Ukraine did not fall. Ukraine is alive and kicking.


Ukrainian President Volodymyr Zelenskyy wrapped up his visit to Washington Wednesday with an impassioned speech before a joint session of the U.S. Congress, saying Ukraine’s struggle “will define in what world our children and grandchildren will live.”

“Against all odds, and doom and gloom scenarios,” he said, “Ukraine did not fall. Ukraine is alive and kicking.”

Zelenskyy, who spoke in English for the address, thanked the United States for its military equipment and its financial support.

“Your money is not charity,” he assured Congress. “It is an investment in the global security and democracy that we handle in the most responsible way.”

Earlier Wednesday, U.S. President Joe Biden welcomed Zelenskyy to the White House, his first known visit outside Ukraine since Russia launched its invasion of the country in February.

The American people “have stood proudly” with Ukrainians, Biden said.

“Democrats and Republicans together with our allies in Europe and Japan and other places, to make sure you have the financial, humanitarian and security assistance that is needed,” he added, noting that it has been 300 days since Russian President Vladimir Putin launched his “brutal assault on Ukraine’s right to exist as a nation.”

Zelenskyy extended to Biden his appreciation for the bipartisan support “from my heart, the hearts of Ukrainians, all Ukrainians.”

“Thanks, from our just ordinary people to your ordinary people, Americans,” he said.

Zelenskyy also gave Biden a Cross for Military Merit medal that belonged to a Ukrainian soldier, a captain of a High Mobility Artillery Rocket Systems (HIMARS) battery provided by the U.S. The soldier had asked Zelenskyy to give it to the “very brave president.” Accepting the medal, Biden said it was “undeserved, but much appreciated.”

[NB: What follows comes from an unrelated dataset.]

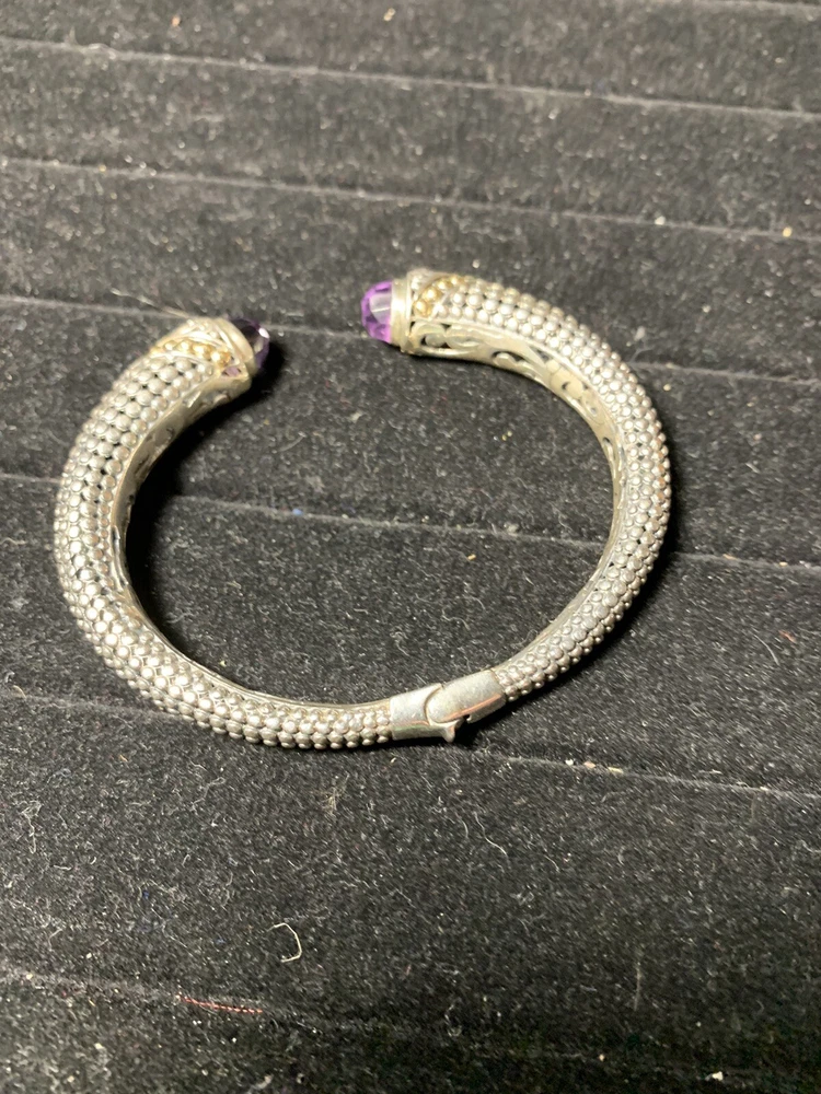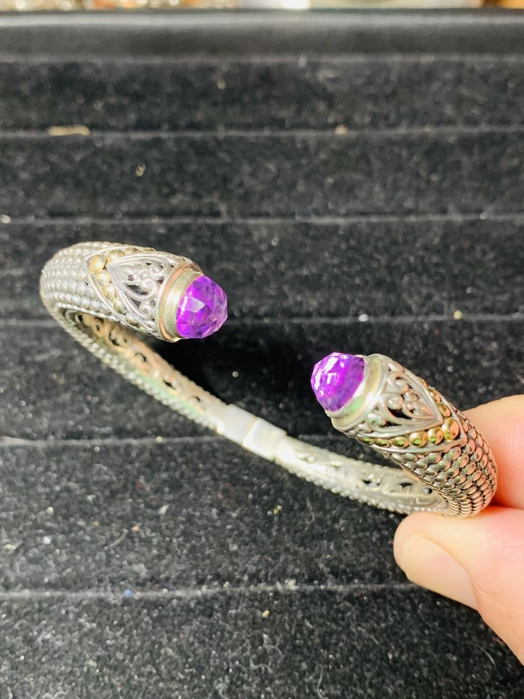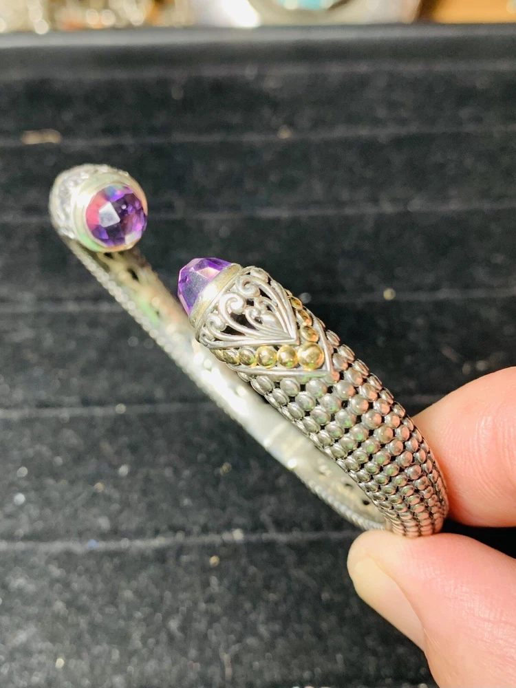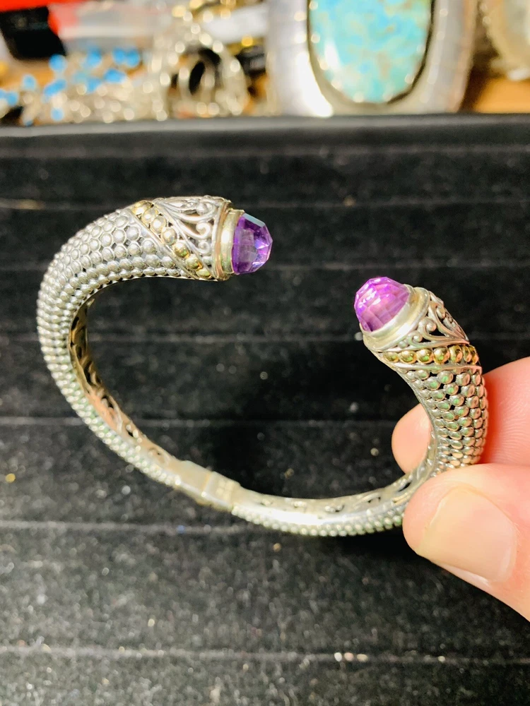 Bali Indonesia Robert Manse sterling silver and solid 18K accent bead faceted amethyst hinged bangle bracelet weighing 22.8 grams and remaining in very good pre-owned condition Shipping is $5.99 via Ground Advantage Please don’t hesitate to reach out with any questions or concerns you may have, and buy with confidence. I have perfect feedback as a seller with over 1500 completed sales Thank you very much for your interest, and best of luck!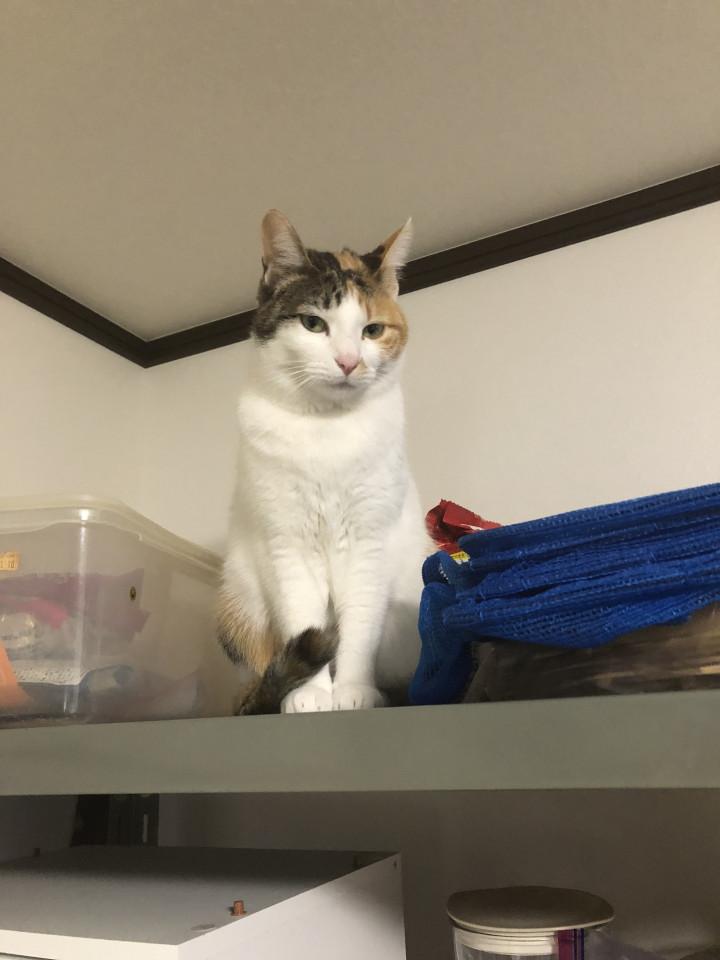 キッチンに猫達が来てオヤツをねだるのですが、食べ終わったタマ(三毛猫メス2歳)はキッチンが寒いので、僕の肩に乗って天井に近い棚の上でエアコンの風を受けてます。

As Zelenskyy touched down on U.S. soil, the U.S. Department of Defense announced $1.85 billion in additional security assistance for Ukraine, which includes a Patriot air defense battery and munitions, additional ammunition for HIMARS, missiles, artillery and other munitions.

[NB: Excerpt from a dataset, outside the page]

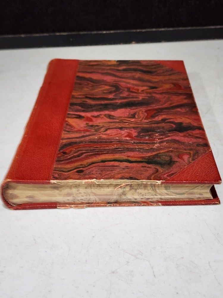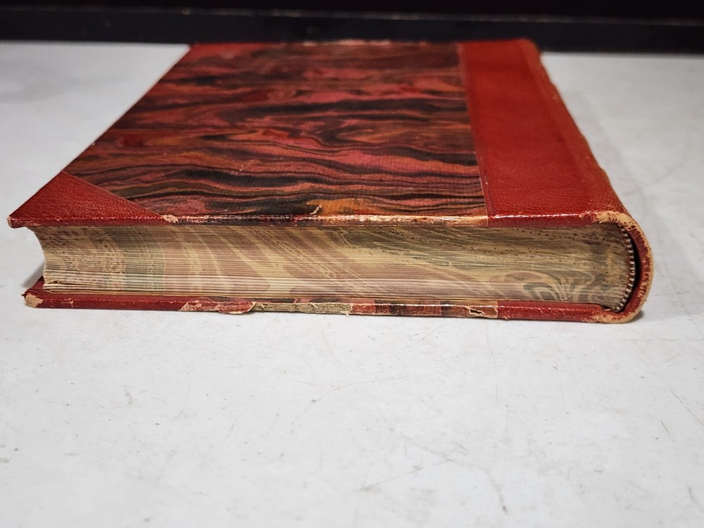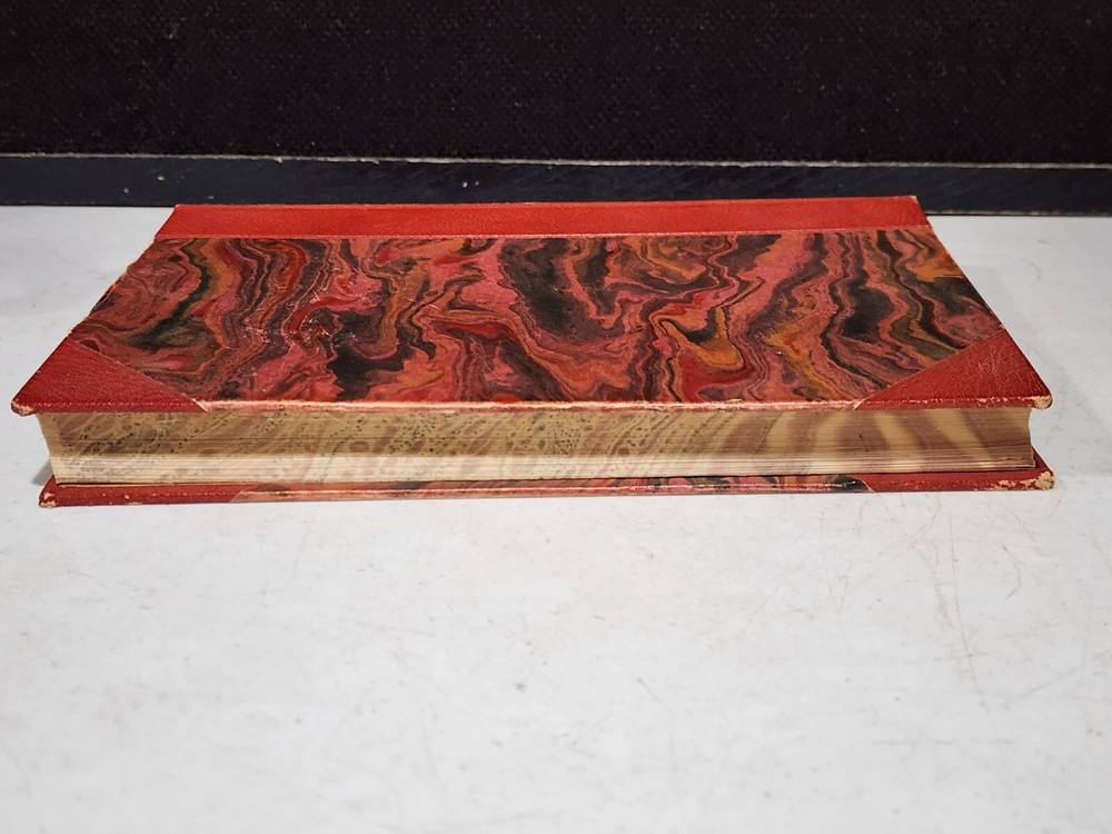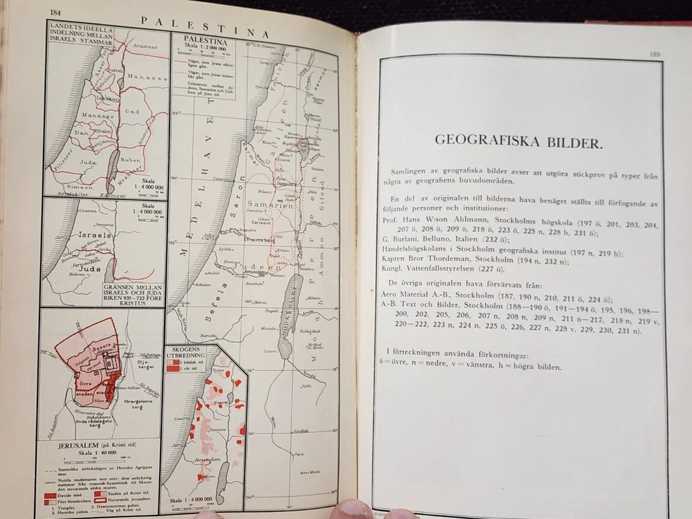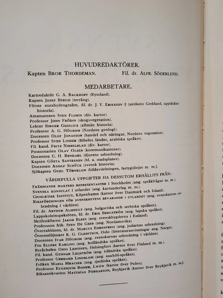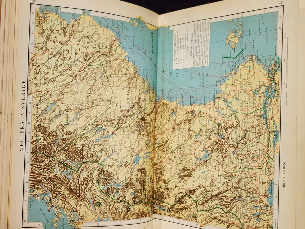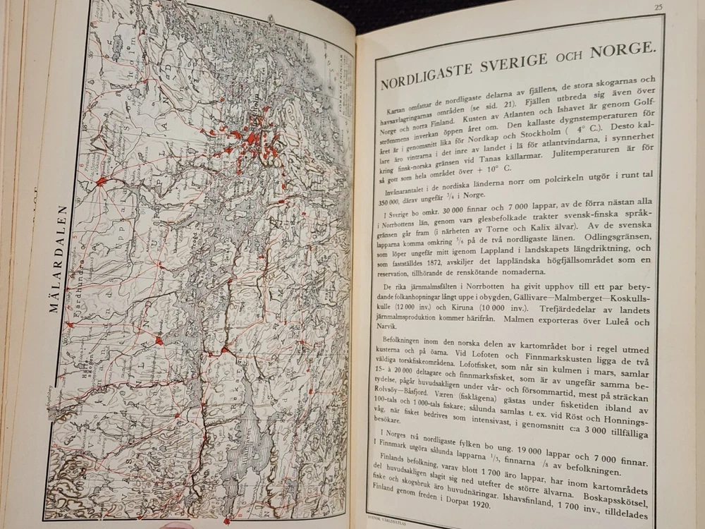 LEATHER AND MARBLED BOUND ATLAS BOOK PRINTED IN 1930 IN SWEDEN 293 PAGES WRITING ON THE FIRST COVER PAGE, NO OTHER MARKINGS NOTED. MEASURES 9.5" X 7" SPINE TIGHT, NO MISSING PAGES. RUBBING TO COVER EDGES AS SEEN IN THE PHOTOS.

“This $1 billion drawdown will provide Ukraine with expanded air defense and precision-strike capabilities, as well as additional munitions and critical equipment that Ukraine is using so effectively to defend itself on the battlefield,” Secretary of State Antony Blinken said in a statement.

Blinken said the United States is also announcing an additional $850 million of security assistance, bringing the total to an unprecedented $21.9 billion since the beginning of the administration.